GOAL OF THE EXERCISE:
Your answer must be only the lines below from the one containing "4505 2-in-1 quick" through the one containing "Jogo de Soquetes", copied exactly, with the pictures left out.

DATA:
------
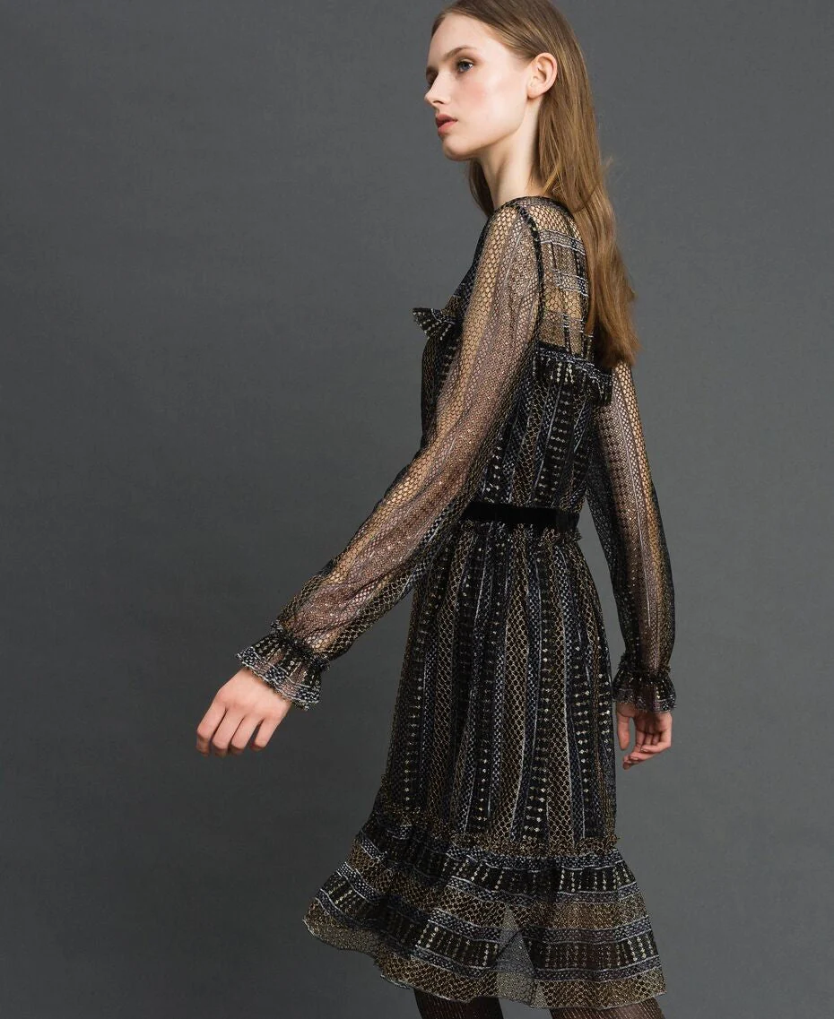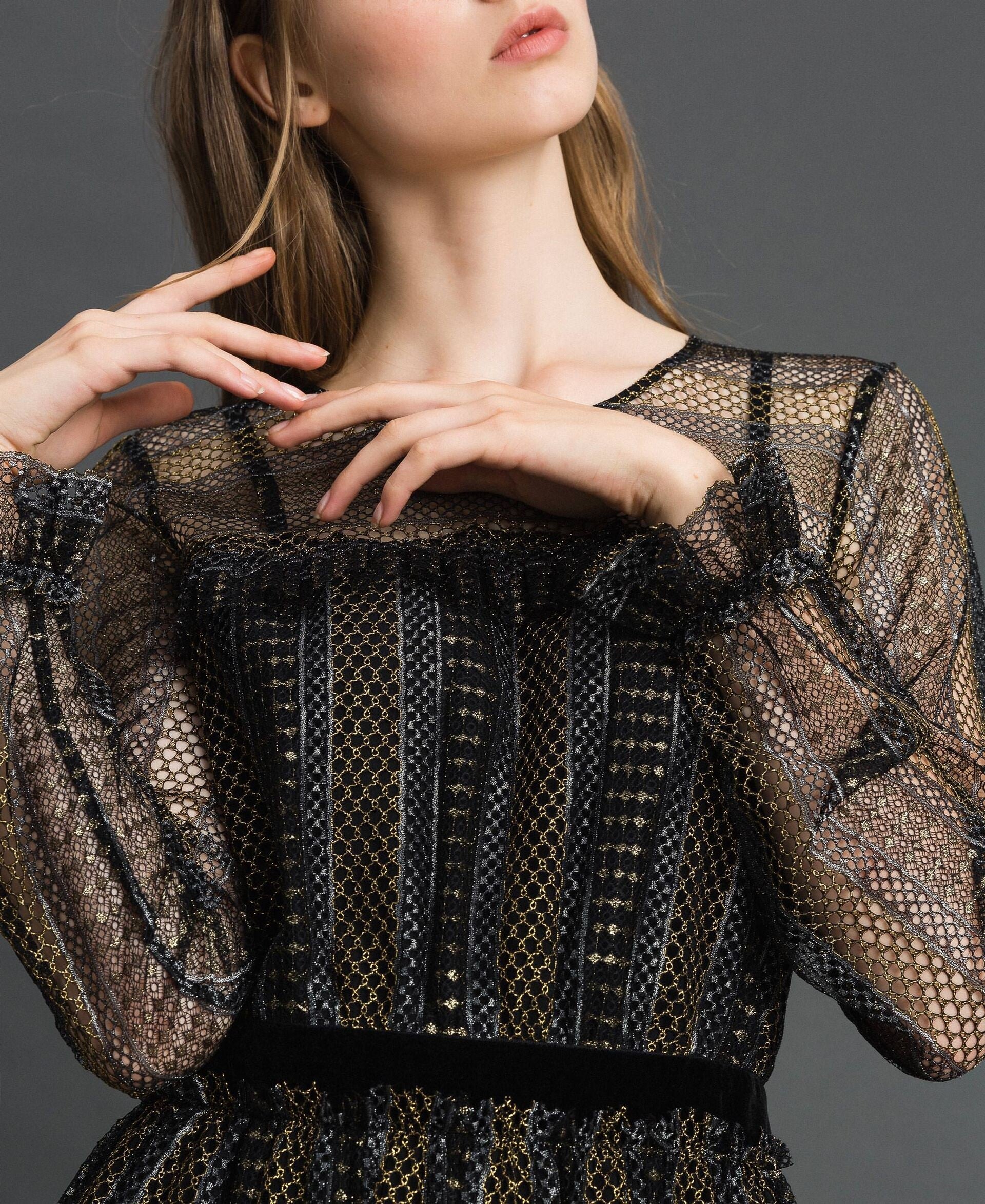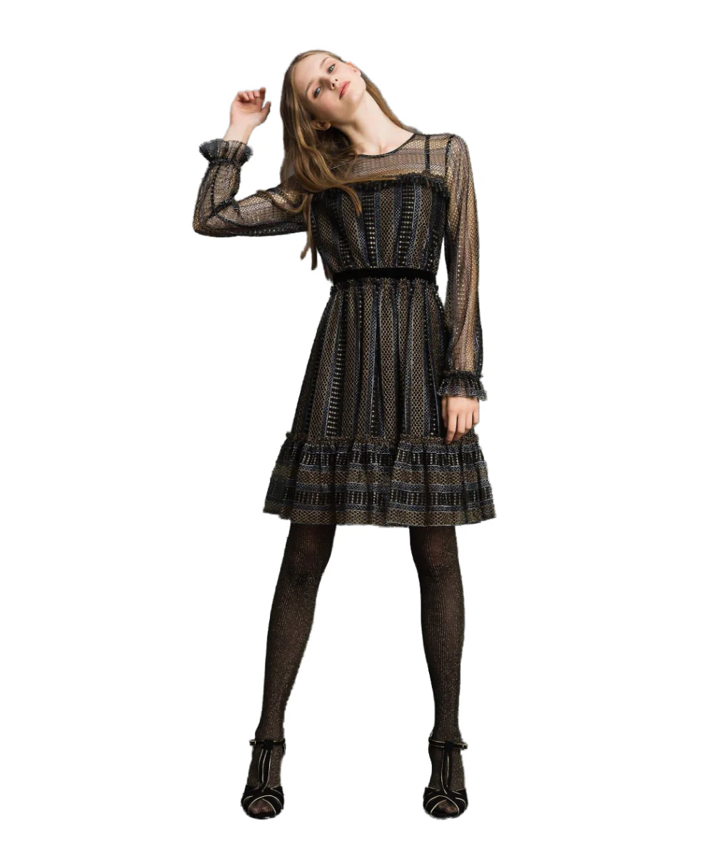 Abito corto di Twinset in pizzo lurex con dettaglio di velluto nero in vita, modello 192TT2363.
------
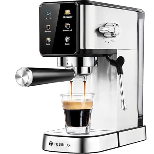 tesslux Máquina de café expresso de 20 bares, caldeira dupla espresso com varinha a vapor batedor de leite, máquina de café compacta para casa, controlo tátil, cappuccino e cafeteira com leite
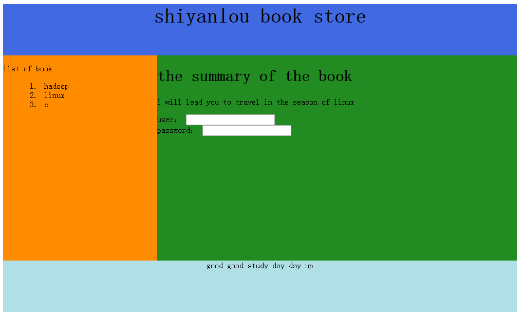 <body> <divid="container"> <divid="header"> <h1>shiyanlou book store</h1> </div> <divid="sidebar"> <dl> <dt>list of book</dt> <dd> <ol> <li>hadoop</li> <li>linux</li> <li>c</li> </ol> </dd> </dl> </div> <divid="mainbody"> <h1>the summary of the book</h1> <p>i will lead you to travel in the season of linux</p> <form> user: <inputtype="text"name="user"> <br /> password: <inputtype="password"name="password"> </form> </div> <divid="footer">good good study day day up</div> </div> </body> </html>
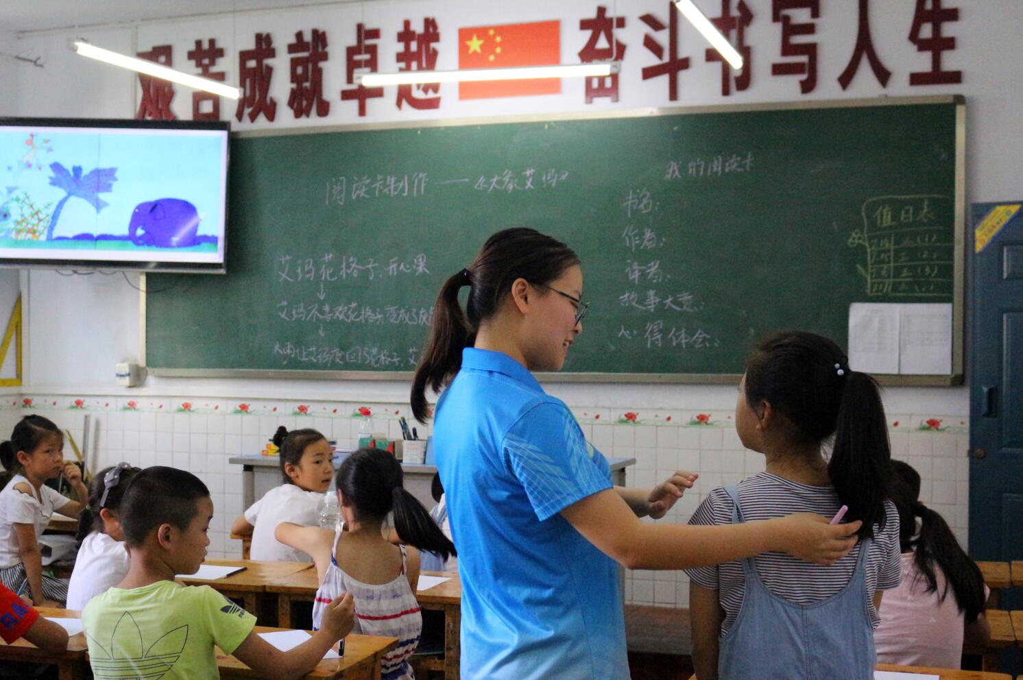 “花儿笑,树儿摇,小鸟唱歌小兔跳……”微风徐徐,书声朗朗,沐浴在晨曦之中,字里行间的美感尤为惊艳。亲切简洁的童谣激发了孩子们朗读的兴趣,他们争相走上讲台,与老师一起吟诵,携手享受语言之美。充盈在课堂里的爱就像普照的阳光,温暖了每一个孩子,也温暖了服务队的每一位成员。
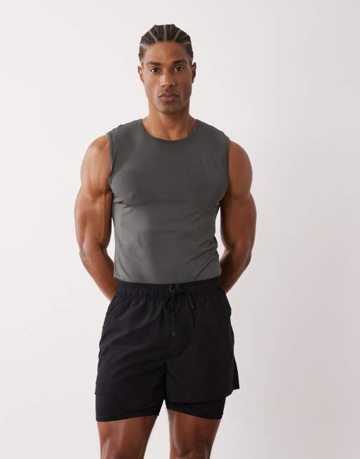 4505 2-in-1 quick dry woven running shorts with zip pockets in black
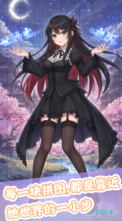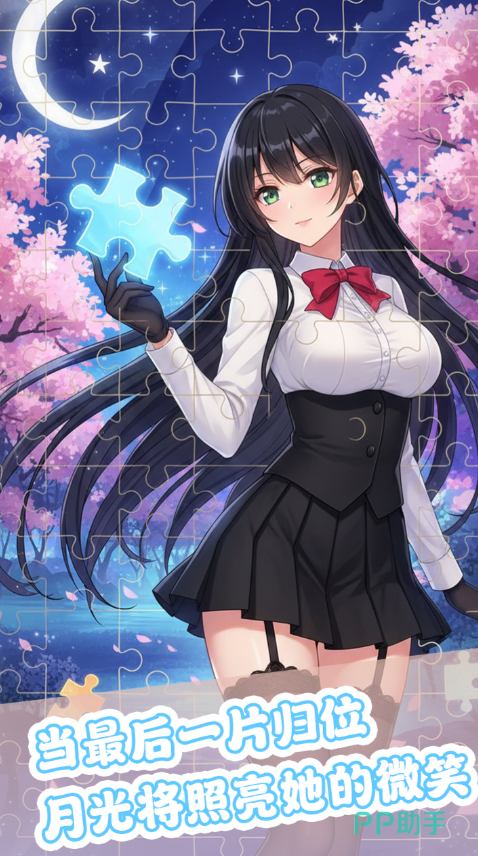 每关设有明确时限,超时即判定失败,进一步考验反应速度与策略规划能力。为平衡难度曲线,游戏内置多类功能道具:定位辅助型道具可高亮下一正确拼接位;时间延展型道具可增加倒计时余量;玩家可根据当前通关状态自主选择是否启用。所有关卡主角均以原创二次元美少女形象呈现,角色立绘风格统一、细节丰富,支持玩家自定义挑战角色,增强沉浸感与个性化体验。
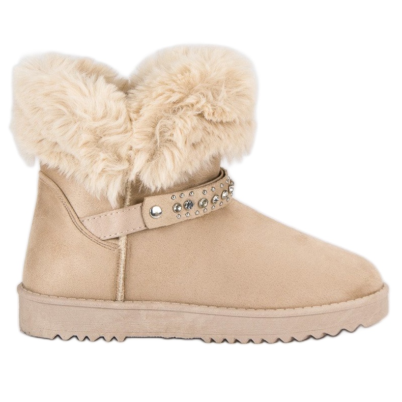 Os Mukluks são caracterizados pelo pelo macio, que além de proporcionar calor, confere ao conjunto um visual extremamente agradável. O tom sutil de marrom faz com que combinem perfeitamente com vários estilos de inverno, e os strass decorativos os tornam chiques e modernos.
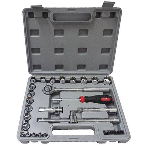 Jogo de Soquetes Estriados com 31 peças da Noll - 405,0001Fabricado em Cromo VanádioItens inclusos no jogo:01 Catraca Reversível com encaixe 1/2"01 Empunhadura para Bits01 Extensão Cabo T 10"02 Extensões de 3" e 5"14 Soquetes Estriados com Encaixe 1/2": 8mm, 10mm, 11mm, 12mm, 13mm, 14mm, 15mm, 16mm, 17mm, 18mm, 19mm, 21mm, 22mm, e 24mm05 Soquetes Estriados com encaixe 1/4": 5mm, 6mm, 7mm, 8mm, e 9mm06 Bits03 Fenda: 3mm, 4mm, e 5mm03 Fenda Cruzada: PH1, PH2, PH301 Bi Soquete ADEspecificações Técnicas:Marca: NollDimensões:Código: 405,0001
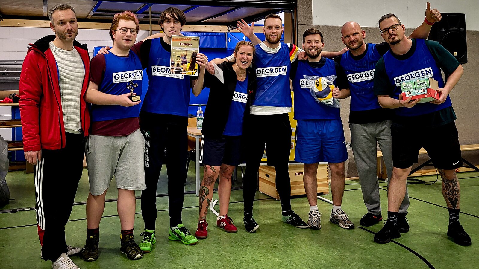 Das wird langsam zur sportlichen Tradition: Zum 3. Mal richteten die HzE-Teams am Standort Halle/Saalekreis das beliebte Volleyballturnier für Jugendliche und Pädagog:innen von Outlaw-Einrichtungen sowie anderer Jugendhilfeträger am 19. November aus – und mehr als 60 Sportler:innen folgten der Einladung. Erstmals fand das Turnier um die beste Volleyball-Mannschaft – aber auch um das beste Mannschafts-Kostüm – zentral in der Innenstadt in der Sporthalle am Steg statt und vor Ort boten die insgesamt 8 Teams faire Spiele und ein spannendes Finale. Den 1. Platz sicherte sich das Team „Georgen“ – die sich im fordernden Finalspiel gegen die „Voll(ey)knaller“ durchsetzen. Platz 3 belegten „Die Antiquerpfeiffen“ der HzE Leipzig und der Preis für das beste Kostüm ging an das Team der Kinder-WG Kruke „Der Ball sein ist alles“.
------
PROBLEM SOLUTION:
 4505 2-in-1 quick dry woven running shorts with zip pockets in black
 每关设有明确时限,超时即判定失败,进一步考验反应速度与策略规划能力。为平衡难度曲线,游戏内置多类功能道具:定位辅助型道具可高亮下一正确拼接位;时间延展型道具可增加倒计时余量;玩家可根据当前通关状态自主选择是否启用。所有关卡主角均以原创二次元美少女形象呈现,角色立绘风格统一、细节丰富,支持玩家自定义挑战角色,增强沉浸感与个性化体验。
 Os Mukluks são caracterizados pelo pelo macio, que além de proporcionar calor, confere ao conjunto um visual extremamente agradável. O tom sutil de marrom faz com que combinem perfeitamente com vários estilos de inverno, e os strass decorativos os tornam chiques e modernos.
 Jogo de Soquetes Estriados com 31 peças da Noll - 405,0001Fabricado em Cromo VanádioItens inclusos no jogo:01 Catraca Reversível com encaixe 1/2"01 Empunhadura para Bits01 Extensão Cabo T 10"02 Extensões de 3" e 5"14 Soquetes Estriados com Encaixe 1/2": 8mm, 10mm, 11mm, 12mm, 13mm, 14mm, 15mm, 16mm, 17mm, 18mm, 19mm, 21mm, 22mm, e 24mm05 Soquetes Estriados com encaixe 1/4": 5mm, 6mm, 7mm, 8mm, e 9mm06 Bits03 Fenda: 3mm, 4mm, e 5mm03 Fenda Cruzada: PH1, PH2, PH301 Bi Soquete ADEspecificações Técnicas:Marca: NollDimensões:Código: 405,0001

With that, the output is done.